Additionally, file `../data/folds.csv` saves title ids mapped to CV split ids (from 0 to 4). 

In [1]:
import numpy as np
import pandas as pd

from sklearn.model_selection import cross_val_score, StratifiedKFold
from scipy.sparse import hstack
from sklearn.feature_extraction.text import TfidfVectorizer
from sklearn.linear_model import LogisticRegression
from sklearn.pipeline import Pipeline
from sklearn.model_selection import learning_curve

from matplotlib import pyplot as plt
import seaborn as sns; sns.set()               # better style
%config InlineBackend.figure_format = 'retina' # sharper plots

## Reading the data

In [2]:
PATH_TO_DATA = '../data/20190110_train_4500.csv'

In [3]:
train_df = pd.read_csv(PATH_TO_DATA)

In [4]:
train_df.head()

Unnamed: 0,title,sentiment
0,Bitcoin Market Has Run Out of Juice: Cryptocur...,Negative
1,Bitcoin Core 0.14.0 Speeds Up Blockchain Synci...,Positive
2,Thinking of Travelling With Bitcoin? With Thes...,Positive
3,Investors Carried Out Mental Gymnastics to Jus...,Negative
4,"Bitcoin Price Holds Above $8,500 as Market Fig...",Positive


In [5]:
train_df['sentiment'].value_counts(normalize=True)

Positive    0.463329
Negative    0.330259
Neutral     0.206412
Name: sentiment, dtype: float64

## Model

Params are tuned previously. 

In [6]:
title_transformer = TfidfVectorizer(ngram_range=(1, 5), 
                                    min_df=8, 
                                    analyzer='char', 
                                    max_features=100000,
                                    stop_words='english')
logit = LogisticRegression(C=2.7, 
                           random_state=17, 
                           multi_class='multinomial', 
                           solver='lbfgs', 
                           n_jobs=4, 
                           max_iter=500)

model = Pipeline([('tfidf', title_transformer), ('logit', logit)])

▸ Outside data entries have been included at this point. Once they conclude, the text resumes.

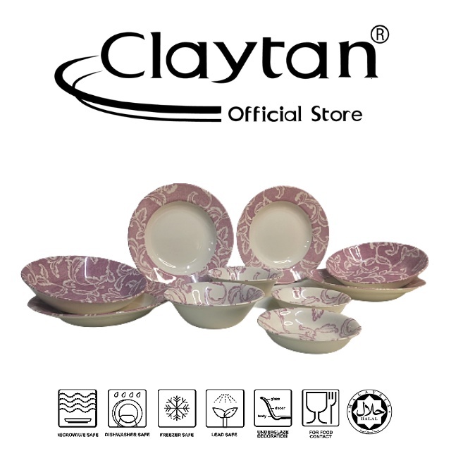 CLAYTAN 10 PCS DINNER SET B (4 Pax) Lead Safe Ceramic Tableware Pinggan Mangkuk Cup Teapot - Clarissa Pink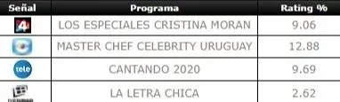 Los números indican que MasterChef Celebrity fue, una vez más, el programa más visto del día con 12,88 puntos (unos 62 mil hogares en Montevideo).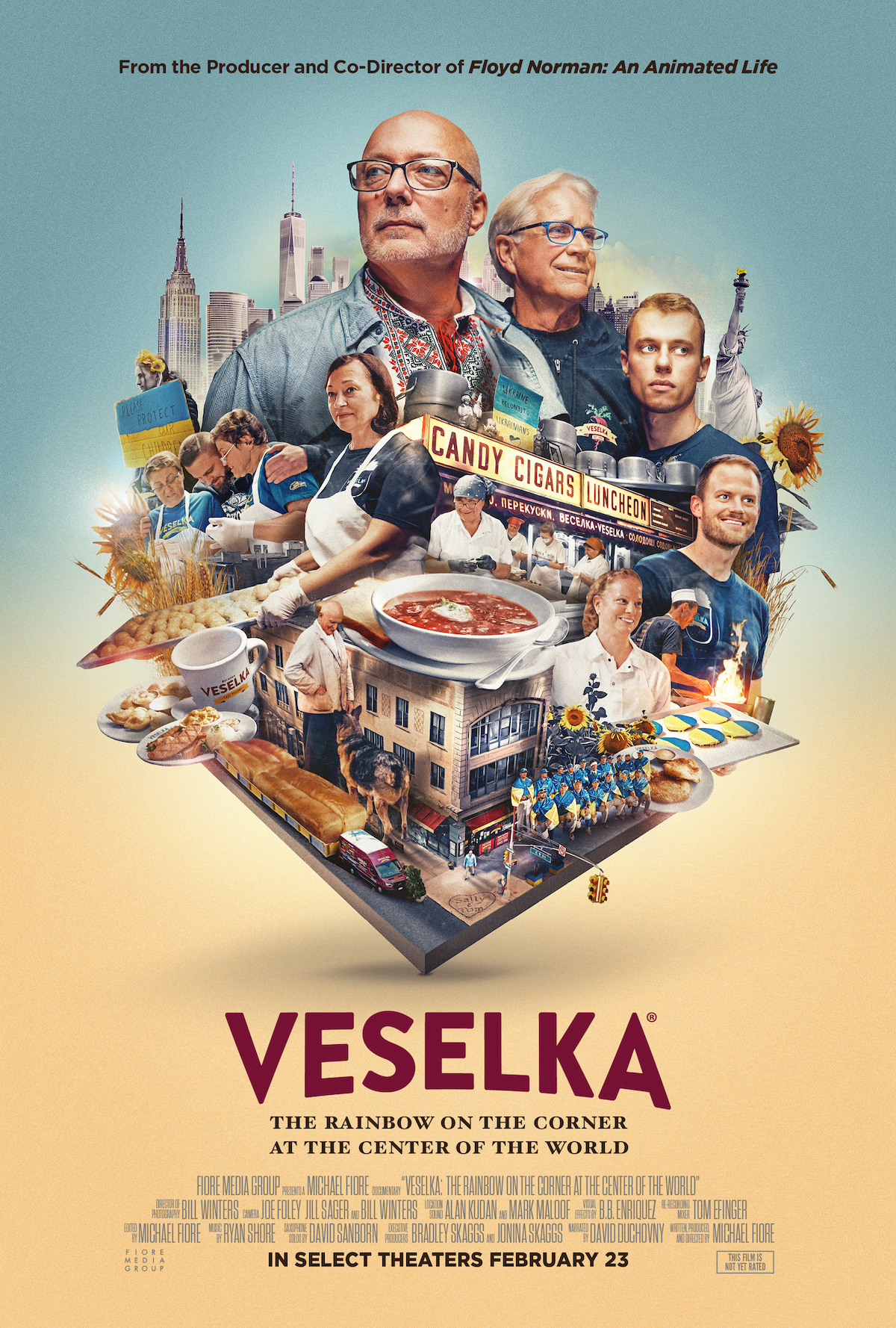 «”Веселка” — це історія любові до родини та громади, об’єднаних їжею та культурою. Коли ми формували творчу команду, було дуже важливо залучити людей, які люблять і знають “Веселку” та культуру нью-йоркської Маленької України, — розповідає режисер Майкл Фіоре. — Девід Духовни виріс за два квартали від “Веселки” і десятиліттями був свідком еволюції як закладу, так і району».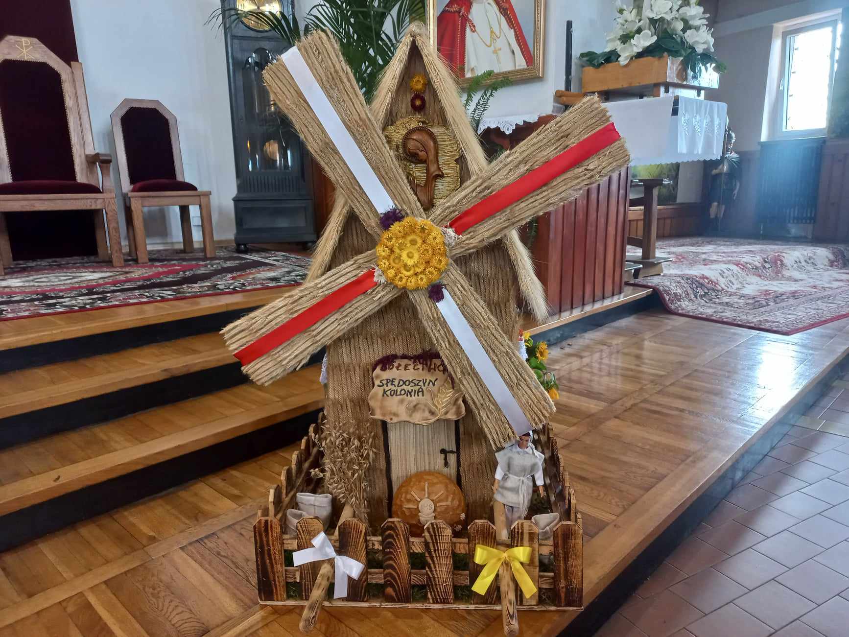Parafianom ze Spędoszyna – kolonii dziękujemy za piękny wieniec dożynkowy i za dar ołtarza w postaci chleba a organizatorom dożynek gminno – parafialnych za owoce i wino mszalne. W przyszłym roku wieniec dożynkowy wykonają parafianie ze Spędoszyna – wsi.
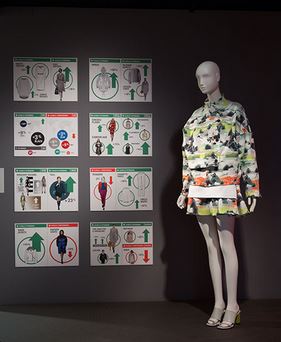 As soon as you enter the upstairs gallery, FIT features a wall of 2014 trend data from consultant WGSN right next to an “on trend” ensemble from Opening Ceremony.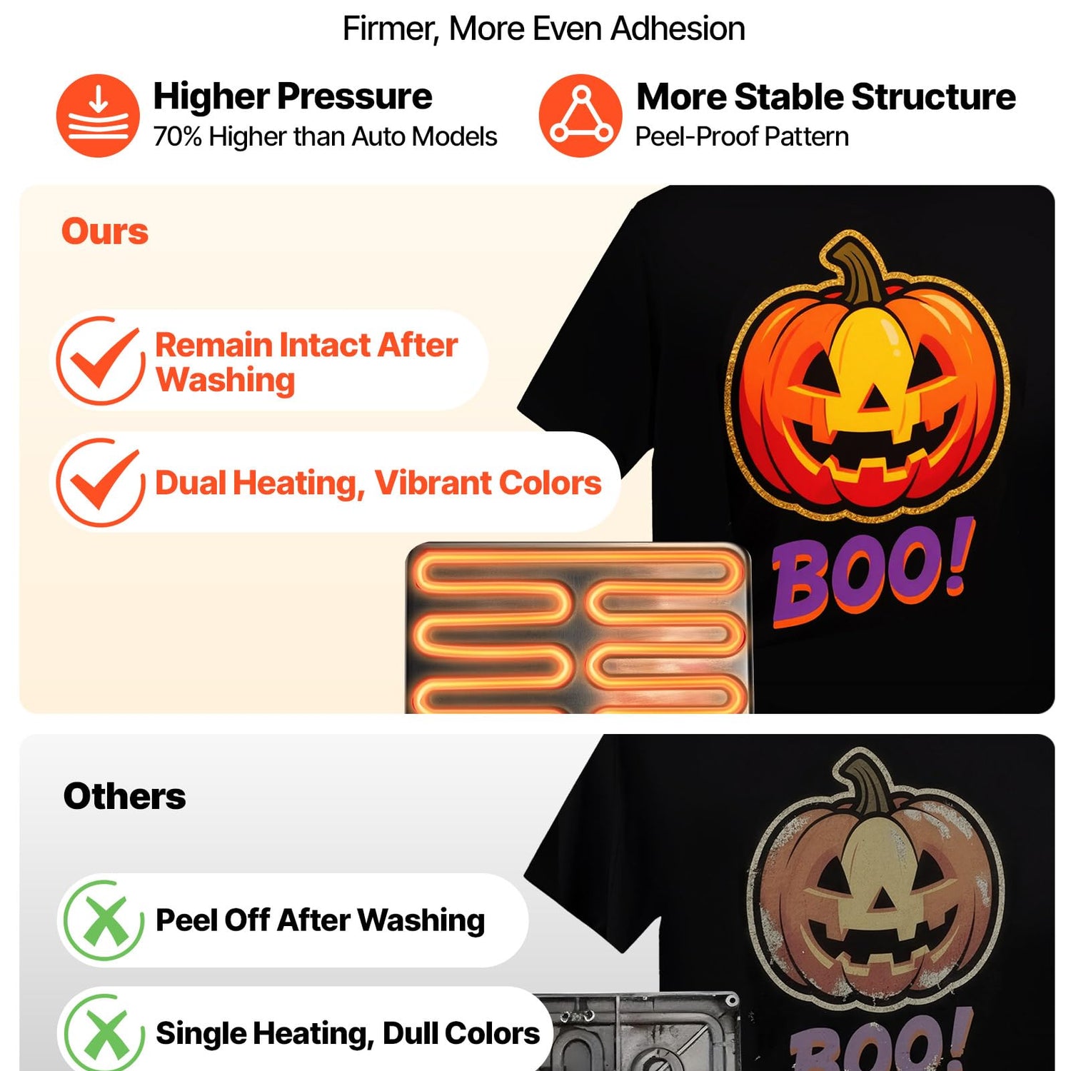 - Superior Heat Pressing: The 15 x 15 in heat press features 70% higher pressure than automatic models, surpassing even traditional ones. Its new high-stability design ensures even pressure distribution for superior results and clearer long-lasting patterns

## Running cross-validation

Prepare folds

In [7]:
skf = StratifiedKFold(n_splits=5, shuffle=True, random_state=17)

In [8]:
train_df['split'] = 0

In [9]:
for fold_id, (train_ids, val_ids) in enumerate(skf.split(X=train_df['title'], y=train_df['sentiment'])):
    train_df.loc[val_ids, 'split'] = fold_id

In [10]:
train_df.head(2)

Unnamed: 0,title,sentiment,split
0,Bitcoin Market Has Run Out of Juice: Cryptocur...,Negative,2
1,Bitcoin Core 0.14.0 Speeds Up Blockchain Synci...,Positive,4


In [11]:
train_df['split'].to_csv('../data/folds.csv', index_label='id')

Run cross-validation

In [12]:
%%time
cv_results = cross_val_score(estimator=model, 
                             X=train_df['title'], 
                             y=train_df['sentiment'], 
                             cv=skf,
                             n_jobs=5)

CPU times: user 38.1 ms, sys: 43.7 ms, total: 81.8 ms
Wall time: 6.22 s


In [13]:
cv_results, cv_results.mean()

(array([0.72228321, 0.7025247 , 0.71020856, 0.72996707, 0.74175824]),
 0.7213483552671259)